My config override is below:
const {injectBabelPlugin} = require('react-app-rewired')
const BundleAnalyzerPlugin = require('webpack-bundle-analyzer').BundleAnalyzerPlugin
const config = require('config')
const fs = require('fs')
const path = require('path')
const ourConfigDir = path.join(__dirname, 'src/config')
const baseConfig = config.util.loadFileConfigs(ourConfigDir)
// This will take the config based on the current NODE_ENV and save it to 'build/client.json'
// Note: If '/build' does not exist, this command will error; alternatively, write to '/config'.
// The webpack alias below will then build that file into the client build.
fs.writeFileSync(path.resolve(__dirname, 'src/config/client.json'), JSON.stringify(baseConfig))
module.exports = function override(config) {
config = injectBabelPlugin(['lodash', ], config)
config.plugins = (config.plugins || []).concat([
new BundleAnalyzerPlugin({
analyzerHost: '0.0.0.0',
// generateStatsFile: true,
})
])
config.resolve = {
...config.resolve,
alias: {
config: path.resolve(__dirname, 'src/config/client.json')
}
}
//do stuff with the webpack config...
return config
}
I have been using the static file output and get full details for a production build, but for a development mode build I have only ever had the stat tree in the treemap. The exact configuration that I use is:
// Get a breakdown of what libraries are being bundled and how much space each takes.
config.plugins.push(
new BundleAnalyzerPlugin({
analyzerMode: 'static',
reportFilename: `../build-analysis-${env || 'development'}.html`,
openAnalyzer: false,
generateStatsFile: true
})
);
For the production build, the generated html file has all 3 of the stat, parsed & gzipped details. For the development build/dev server I only get the stat details.

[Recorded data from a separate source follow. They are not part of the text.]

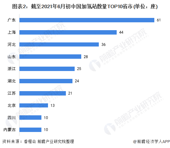 从全国各省市的氢能源基础设施建设中可以发现,广东省在氢能源的推广、建设上较为领先。截至2021年6月初,全国加氢站我国加氢站共建成141座,其中119座在运营,22座已建成。目前广东省已运营、已建成、在建及拟建的加氢站共61座,排名全国第一;上海44座,排名第二。
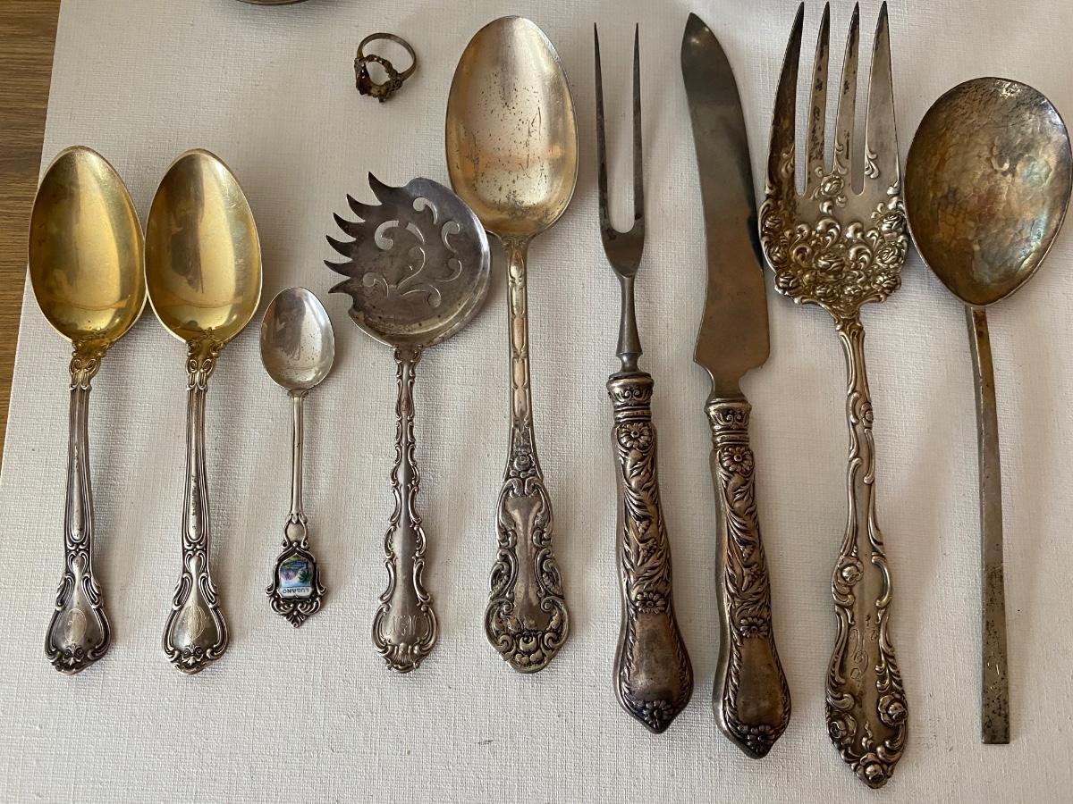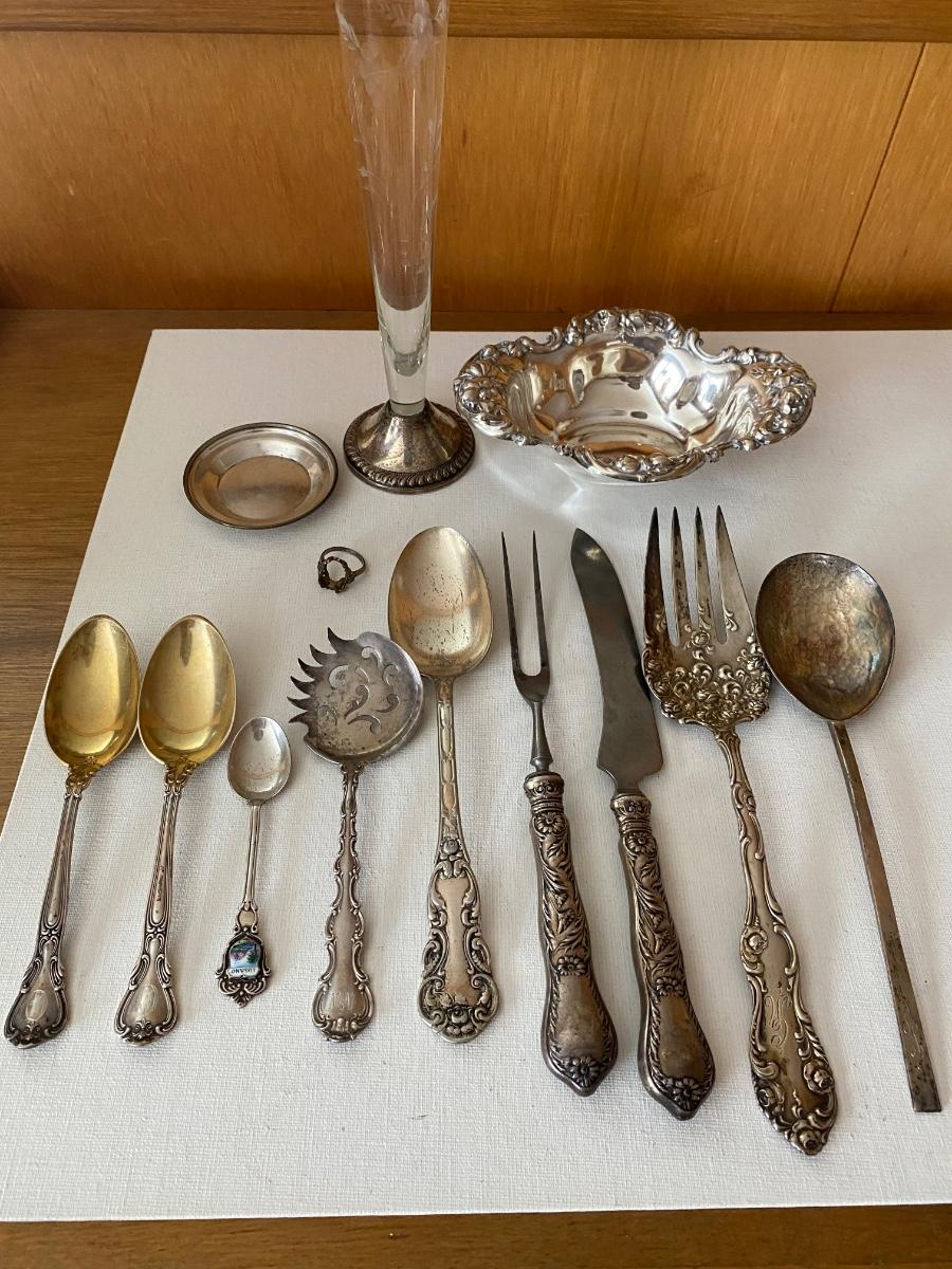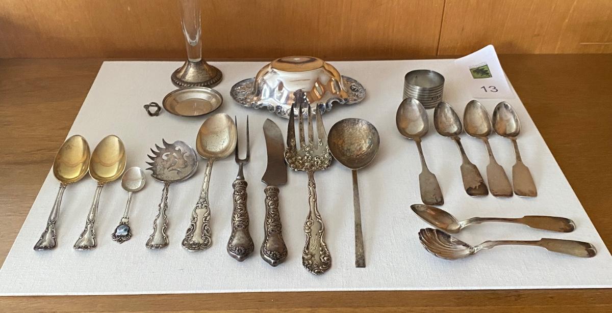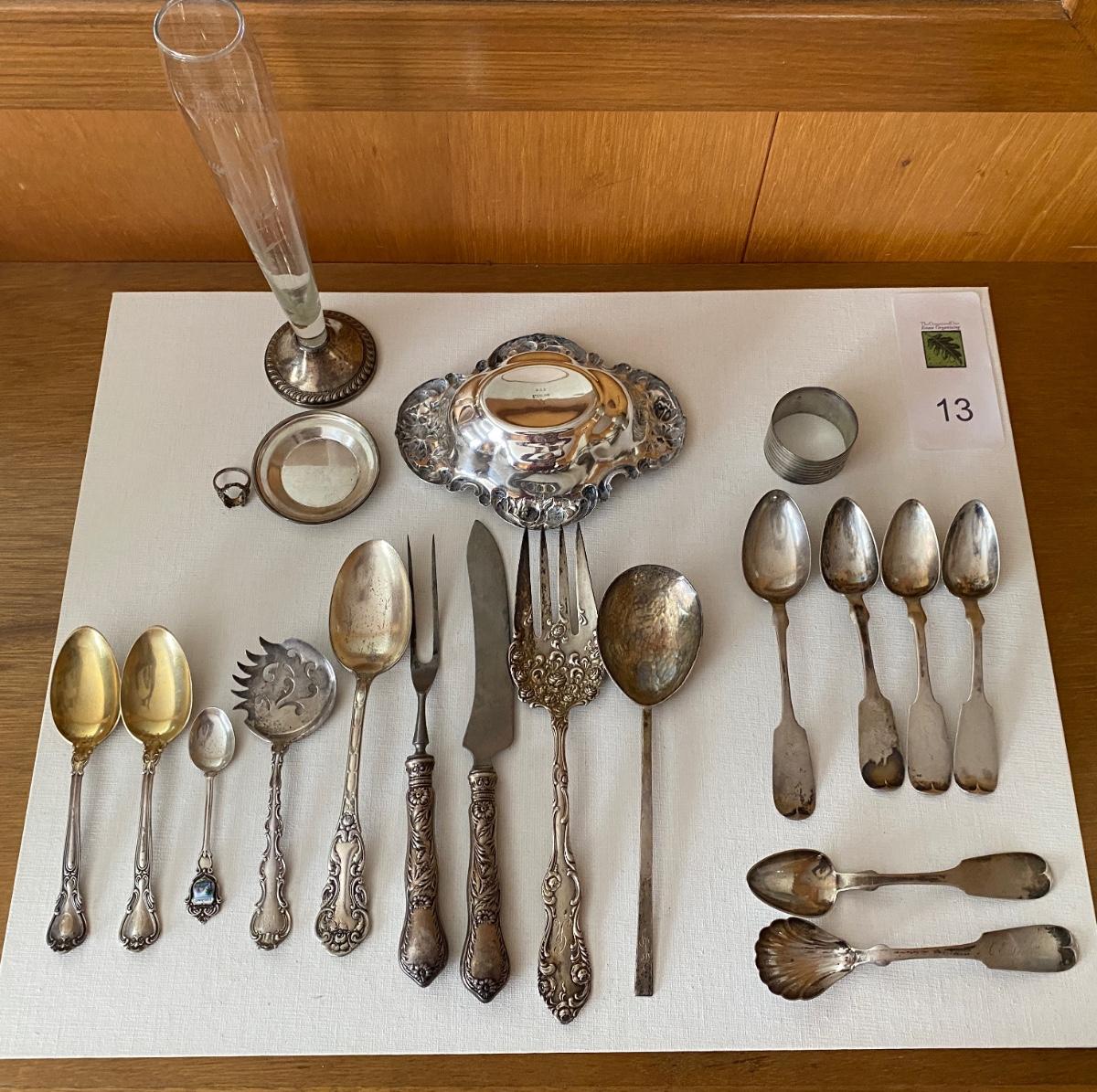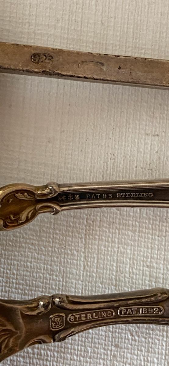 13 pieces have sterling silver marked on item. There are 7 pieces that have English silver symbols (6 spoons/1 napkin ring)
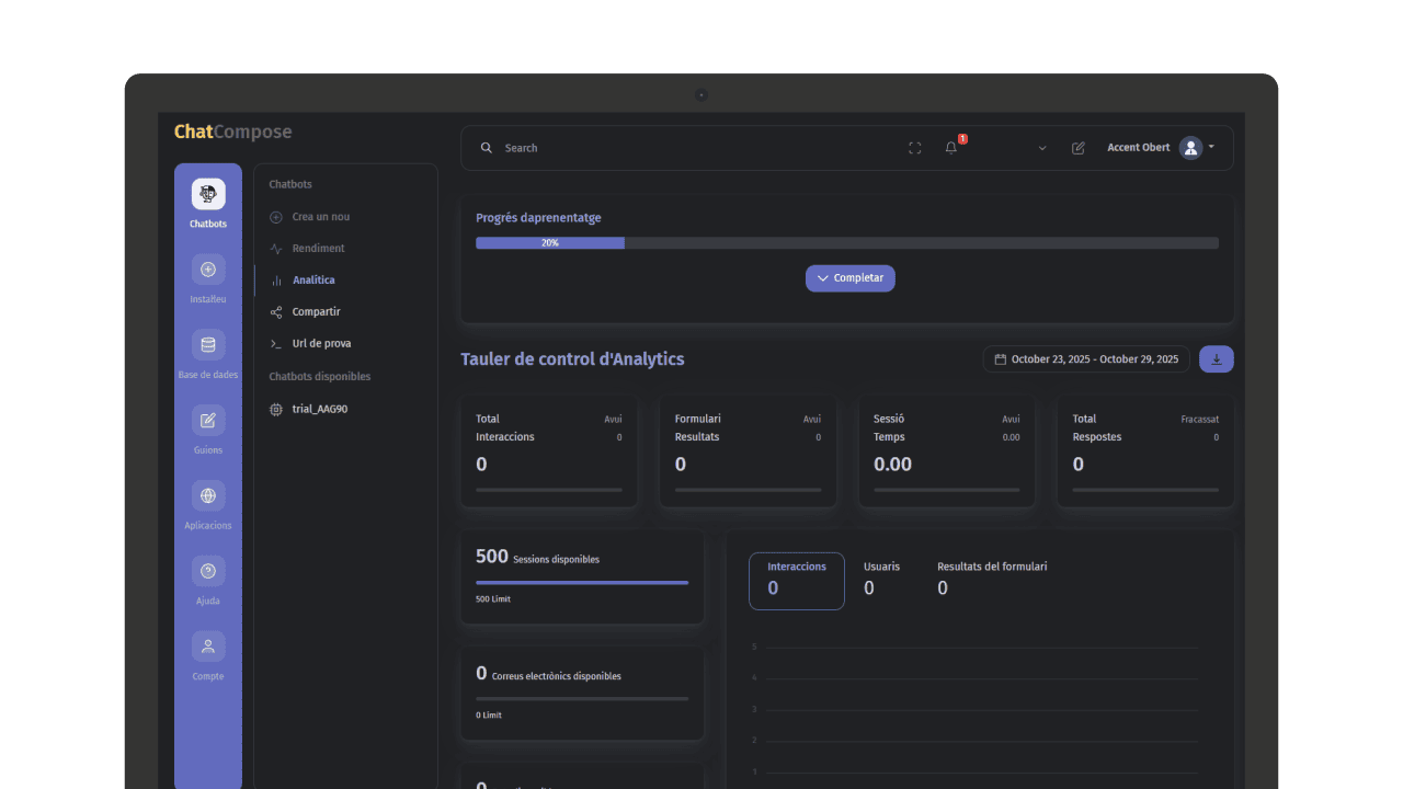 ChatCompose és una plataforma que permet dissenyar i desplegar chatbots intel·ligents per a webs, aplicacions i xarxes socials. Basada en tecnologies d’intel·ligència artificial i processament del llenguatge natural, facilita la creació de guions de conversa per atendre clients, generar vendes i optimitzar processos d’atenció 24/7.
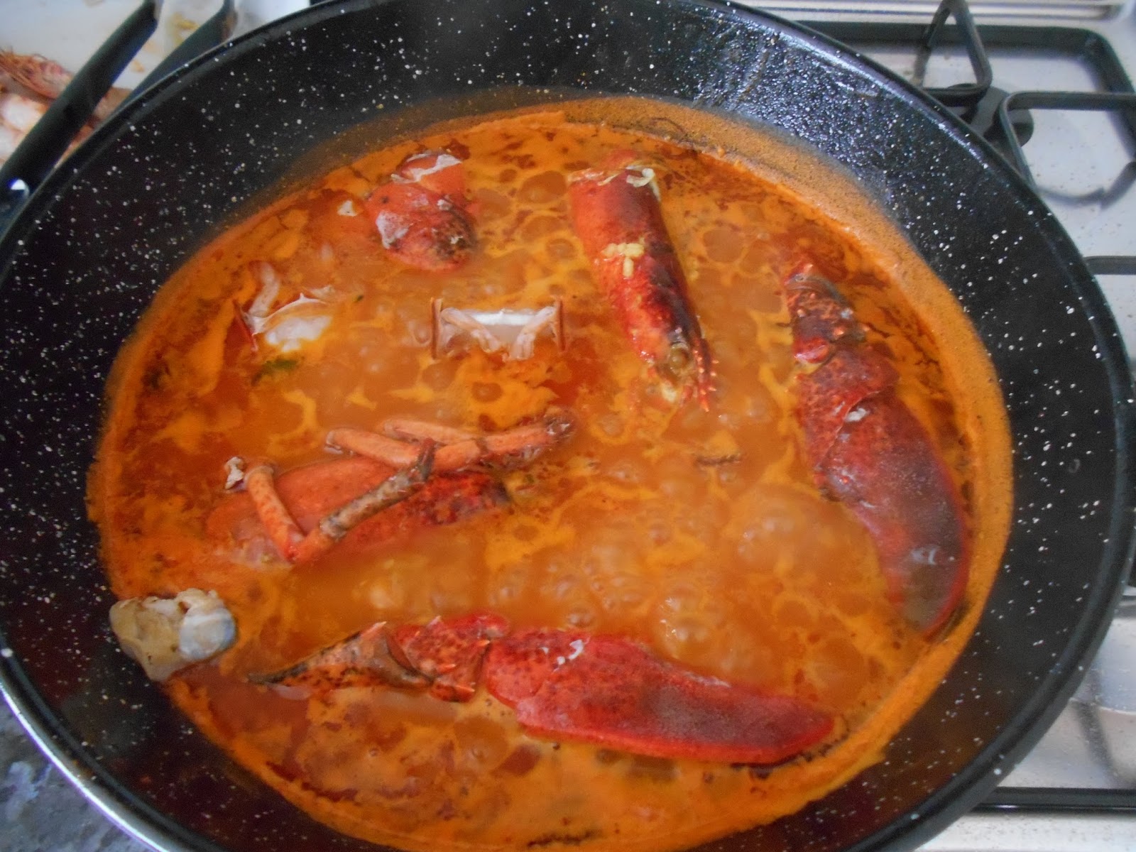 Añadimos el bogavante y dejamos hervir 5 min más.
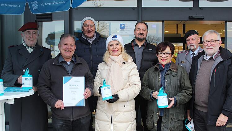 Stabsgefreiter der Reserve Gerhard Bauer hatte als Sammlungsleiter Landrätin Tamara Bischof, den ehemaligen Oberbürgermeister Siegfried Müller, stellvertretenden Landrat Robert Finster, die Stadtratsmitglieder Gertrud Schwab, Klaus Heisel, Elvira Kahnt und Manfred Freitag zum Mitmachen animiert. Von 9 Uhr bis 12 Uhr baten die Teilnehmenden vor den Eingängen des E-Centers in Kitzingen in der Marktbreiter Straße in wechselnder Besetzung um Spenden. An diesem Tag fanden sich 744,37 Euro in den Sammelbüchsen. Zusammen mit der vorherigen Sammlung beim Neuen Friedhof (323 Euro) und dem Ergebnis von Privatsammler Markus Pavel wurden schließlich 1253 Euro gezählt. E-Center-Inhaber Detlef Kautzmann erhielt vom Bezirksverband des Volksbundes Deutsche Kriegsgräberfürsorge Unterfranken eine Dankurkunde für seine alljährliche Unterstützung. Die gleiche Auszeichnung erhielt Tobias Roppelt vom Rewe-Einkaufsmarkt in der Dagmar-Voßkühler-Straße.
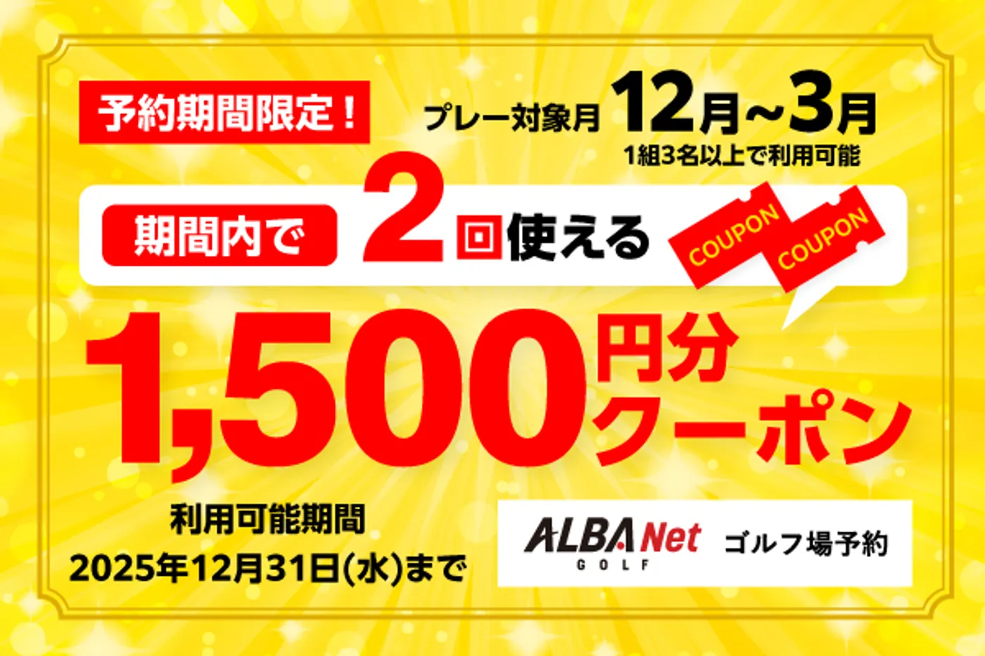 2025年12月26日 (金) 06時00分11月までのプレーに使える!対象コース限定3,000円&2,000円分クーポン配布中!

(Demo API chunk contains large json data files, which is why it is so big - and why it's separated out ;) ).
I had thought that the reason for not getting the gzip/parsed versions in development mode was because the files were not actually being written to disk/being gzipped up at all. Your link shows that it may be due to an incorrect path. Whichever it is, if it is not able to provide what you specifically needed then look around at other webpack plugins to produce the data you do need. The basics of how to use any of them with react-app-rewired will be the same - create the override function that takes the default config, add the plugin that you need, then return the updated config.
All good on this?
Yup - all good!
Thanks for the help!
Most helpful comment
Another option would be to look at the
webpack-bundle-analyzerplugin withgenerateStatsFile: true.Documentation:
https://github.com/webpack-contrib/webpack-bundle-analyzer
I think Bundle Analyzer is better documented, and I have used it personally both at home and at work for the treemap generation (which is a very useful visualization for what is actually being put into the bundles being generated).